Thats may be tru Cypher but there are those of us that do not have the time to take and do a conversion like that, I am thinking of myself when I say that. Not sure what the cost of it is but looks wise it seems pretty good, game wise ... it makes it longer and therefore easier to draw a bead on it with TLoS.


----------



## Djinn24 (Jan 12, 2008)

I will behonest, at first I was very skeptical of the CHS stuff (some of the early stuff was rough) but the new stuff is coming out looking good, you may not like it because it does not fit your flavor but its pulled off smoothly.

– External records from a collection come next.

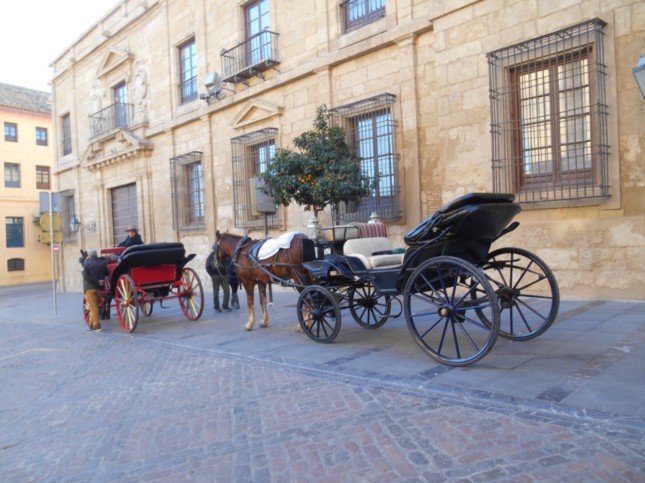 En la calle Torrijos, al lado de la fachada del Obispado de La Diócesis de Córdoba y frente a las Puertas del Sabat y de San Ildefonso de la Mezquita-Catedral, carruajes para hacer el recorrido turístico en ellos.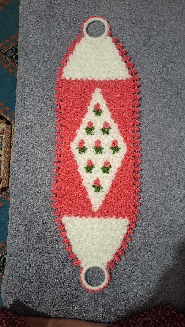 Kırmızı, beyaz ve yeşil renklerin harmanlandığı el örgüsü banyo süngeri, iki ucunda asma halkaları bulunur.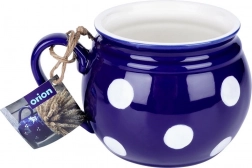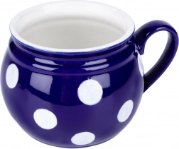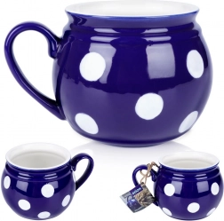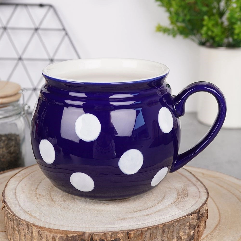 Bucură-te de băuturile preferate în stil mare. Această cană ceramică de 850 ml este o alegere excelentă pentru cei care preferă porții mai mari de ceai, cafea sau infuzii din plante. Forma clasică tip butoi, glazura albastru închis și bulinele albe mari aduc un plus de stil mesei și se asortează perfect cu alte piese de veselă.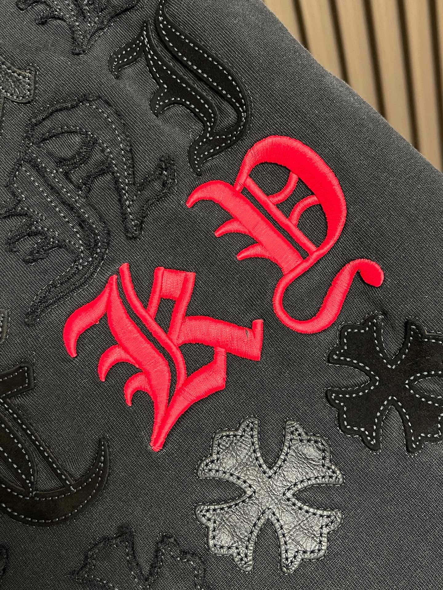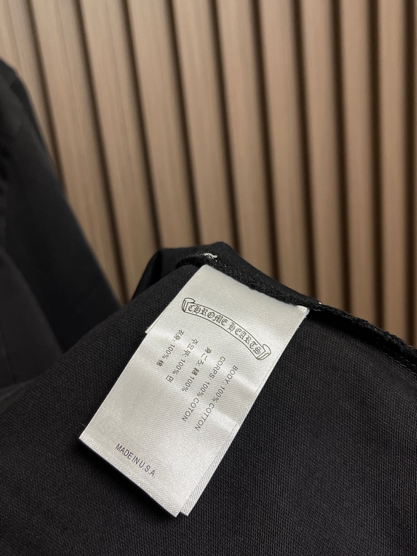 这款衣服是AAAAA 1:1 质量 (非常棒). 使用了和原版一模一样的材料. 商标部分也保持了和克罗心/Chrome Hearts一样. 图片拍摄是实物衣服拍摄, 您所收到的实物保证和我们图片一模一样.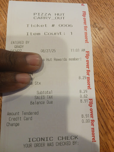 Read moreI not really the “reviewing” type but this one is absolutely necessary. I placed and order yesterday for 10 pizzas at Domino’s (the one adjacent from this Pizza Hut) and they were scheduled for pickup at 10:30am this morning. They called me at 10:35 while on my way up there for pick up to let me know that no one showed up for work and my order wasn’t going to be ready until hours later. I had have these pizzas for for an event at 11am and it wasn’t looking like that was going to happen. By chance I called Pizza Hut and was fortunate enough to get in contact with Leah who answered the phone. I explained my situation and she told me to come pick the 10 pizzas up in 20 min. I got there in 15 and not only were the pizzas ready but she provided us with plates and napkins for our event and even helped carry it all to my truck. She went above and beyond to help us and the entire staff was both helpful and friendly. We will forever be loyal Pizza Hut customers after this and highly recommend this specific location! On top of the amazing service the pizzas were perfectly prepared and we made it just in time for our event. Thanks again Leah and the team...

Poeple dogged the Doomseer without seeing it, but in Real life it is a pretty nice model (the ears are for taste and can easily be removed).


----------



## hungryugolino (Sep 12, 2009)

This stuff is much better than their usual crap, but still nothing I'd buy. Why don't they release the autogun/shotgun/stub pistol kit someone pitched to them a while back and fulfill something there's an actual demand for?


----------



## Cypher871 (Aug 2, 2009)

I do like some of it...I am not saying it isn't well produced...I just personally don't like the CB and the extension.


----------



## MidnightSun (Feb 10, 2009)

Am I the only one who likes the Conversion Beamer? Might be enough to make me run a MotF now, but I'll be using the Techpriest Enginseer backpack. Just prefer the Servo-Arm on it.

Midnight


----------



## slaaneshy (Feb 20, 2008)

Shotguns?? - hell yeah!


----------



## Cypher871 (Aug 2, 2009)

MidnightSun said:


> Am I the only one who likes the Conversion Beamer? Might be enough to make me run a MotF now, but I'll be using the Techpriest Enginseer backpack. Just prefer the Servo-Arm on it.
> 
> Midnight


That is a poor excuse for a conversion beamer...take a look at mine...convert a Plasma Cannon (even easier in plastic)...it will look way more convincing.


----------